If you take someone from 1967 and send them forward to 2012, they wouldn’t really much that was different. And in some ways they would see things missing. People still drive around in cars. […] They’re still flying around in the same 747s and 737s we got now. SSTs [Super Sonic Transport] don’t exist anymore. We’ve lost the ablility to launch human beings into space, let alone send them to the moon and bring them back.

as if we have hit the wall in terms of introducing new technologies and I am curious as to why that happened.

When that [the mobile electronics market] opened up, it just created a big sucking sound – to paraphrase Ross Perot – that pulled in every single technically minded inventive geek for the next generation or so. The people who, in a previous generation, would have been designing airplanes or so ended up working on apps.

 

Solve for X: Neal Stephenson on getting big stuff done:

In the first two thirds of the 20th century we went from not believing that heavier then air flight is possible to walking on the moon.

Human spacetravel is a lost art.

Diseases that we could easily treat with antibiotics have become intractable and are making a comeback.

And even diseases that could easily be snuffed out by vaccines are coming back, simply because parents aren’t getting their kids vaccinated because they don’t believe in science anymore.

To be fair, there is a partial explanation of this in the rise of the personal computer and the Internet which has siphoned of a huge fraction of inventive energies to work on forms of progress that aren’t as obvious as space rockets and nuclear bombs.
 
I saw the best minds of my generation writing spam filters.

Deep Water Horizon and Fukushima kind of converted me to the view that the threat now has not become ‘too much innovation’ but ‘not enough innovation’.
 
The reactors that melted down in Fukushima were build in the early 1970ties, based on designs from the 1960ties. So if you look under the hood of a 1960ties automobile – if you can even find one that is still running – and you compare it to what you can see under the hood of a modern vehicle, it has to send a little chill down your spine to think that nuclear reactors built in and designed in that era are still hot today.

It’s my thesis that a small number of people have to shoulder greater risks in order to create changes eventually that reduce risk for civilization as a whole. And when they stop fulfilling that responsibility, a decline sets in that may require some concious effort to reverse.

Here’s an airplane. Argue with that. I just saved your kids life with penicillin. Argue with that. Here’s a mushroom cloud. Polio vaccine. A guy walking around on the moon.

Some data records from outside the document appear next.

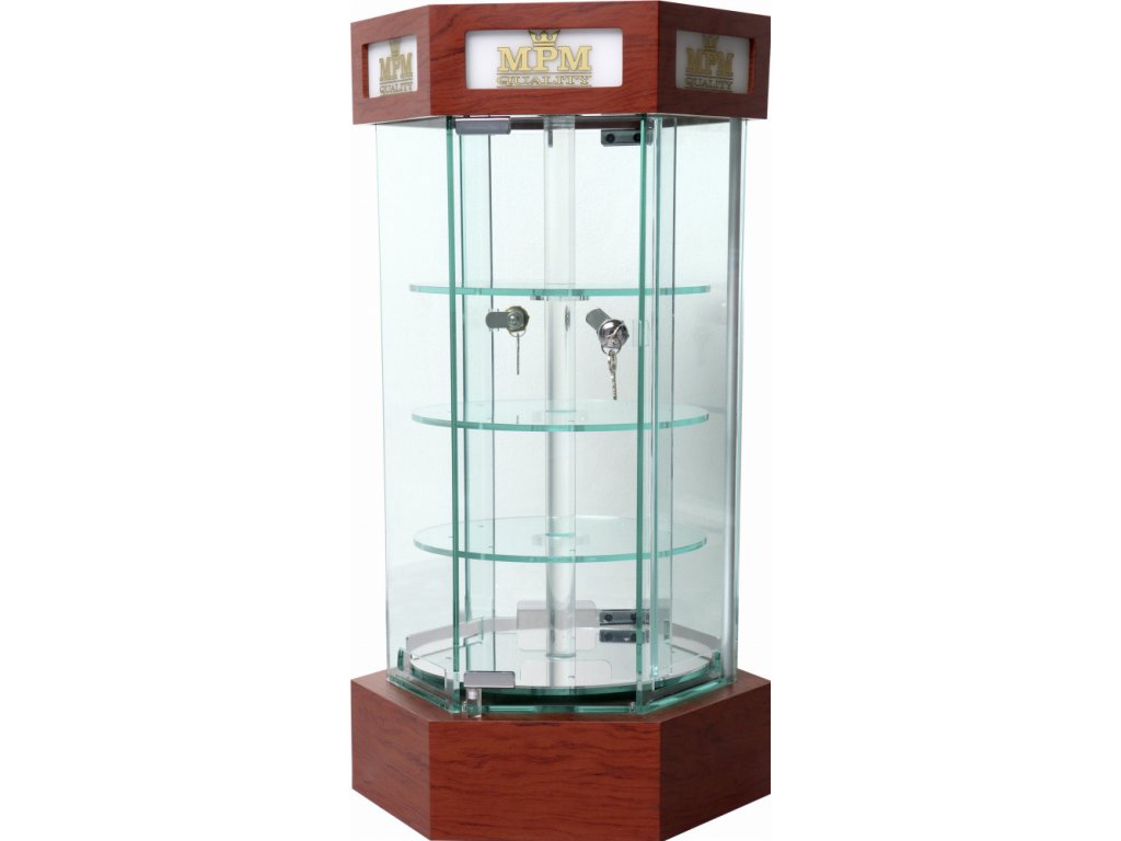 Výstavní displej na hodinky s logem MPM-quality (možnost změny loga dle domluvy) s ručním otáčením a s možností uzamknutí na klíč. Displej je vybaven osvětlením a síťovým napájecím kabelem. Vnější materiál MDF s laminem, sklo akrylátové.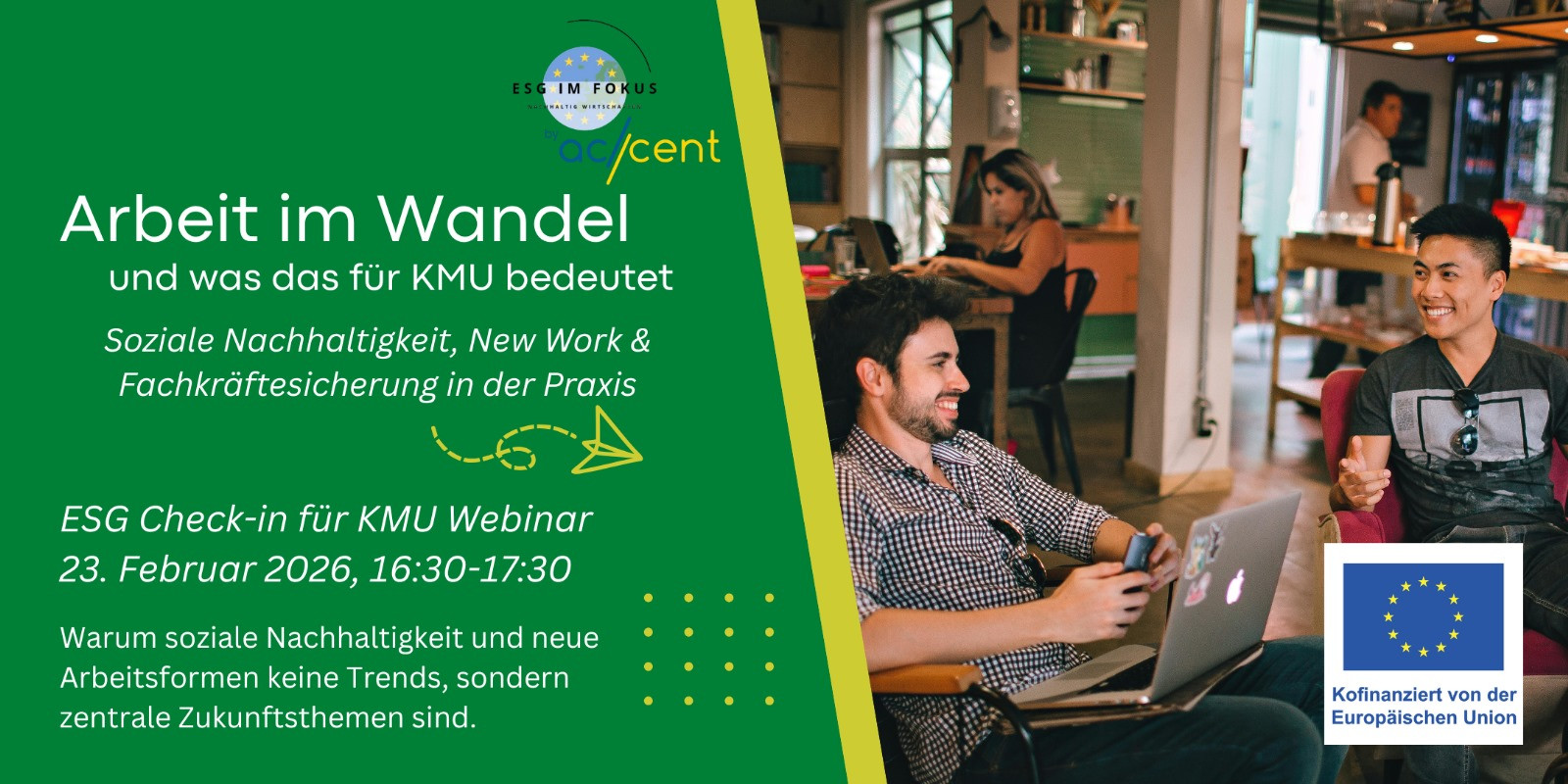 accent Inkubator GmbH wurde vom Land Niederösterreich mit der Durchführung des Projekts „ESG im Fokus“ beauftragt, welches accent in Zusammenarbeit mit anderen niederösterreichischen Organisationen (ecoplus, WKNÖ, u.a.) bis Ende 2026 umsetzt. Die EU ko-finanziert dieses Projekt mit Mitteln aus dem EFRE-JTF Fonds.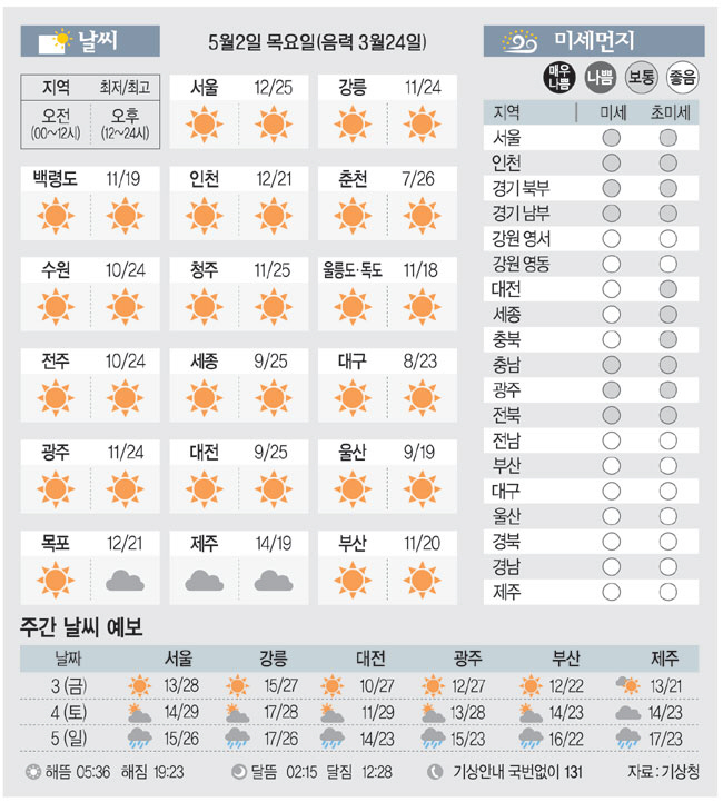 [날씨이야기] 5월2일 목요일(음력 3월24일)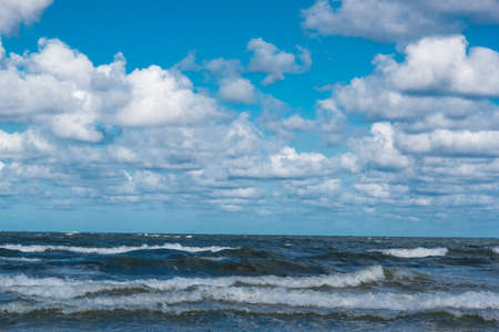 Wavy water of the Baltic sea and cloudy sky in the warm evening sunlight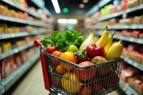 A full grocery cart overflowing with fresh produce, dairy, and packaged goods ready for checkout , groceries shopping, shopping bags, queue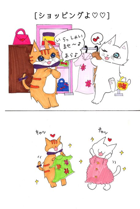 [ショッピングよ💖💖💖] #イラスト #お絵描き #アート #絵 #アナログイラスト #コピック #猫 #漫画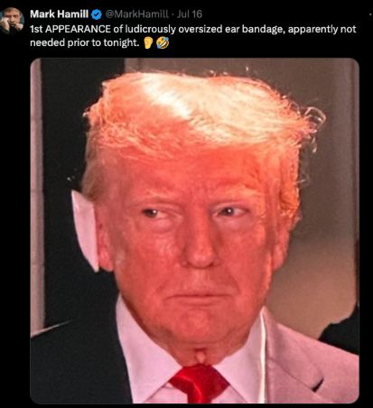 지난 16일 마크 해밀은 자신의 X(엑스, 구 트위터) 계정에 오른쪽 귀에 붕대를 감은 트럼프 전 대통령의 사진 한 장을 올리며 "터무니없이 큰 귀 붕대가 등장했다. 분명 오늘 밤 전까지는 필요하지 않았을 거다"라고 글을 남겼다. 귀와 웃는 모양의 이모지(감정·사물을 이미지로 나타낸 것)도 붙였다.

Argue with those.
 
But when those inarguable triumphs stop coming, the anti-science people come back and begin making inroads to a degree educated people can’t even comprehend. For example by denying that the moon landing has ever happened.
 
So it’s entirely plausible that a 100 years from now, it may be believed by 99 percent of all the people in the world, that the moon landing were a hoax. And the idea, that they actually happened may have the status of a totally marginalized conspiracy theory. [.. ] And there are people who are actively working on making that happen.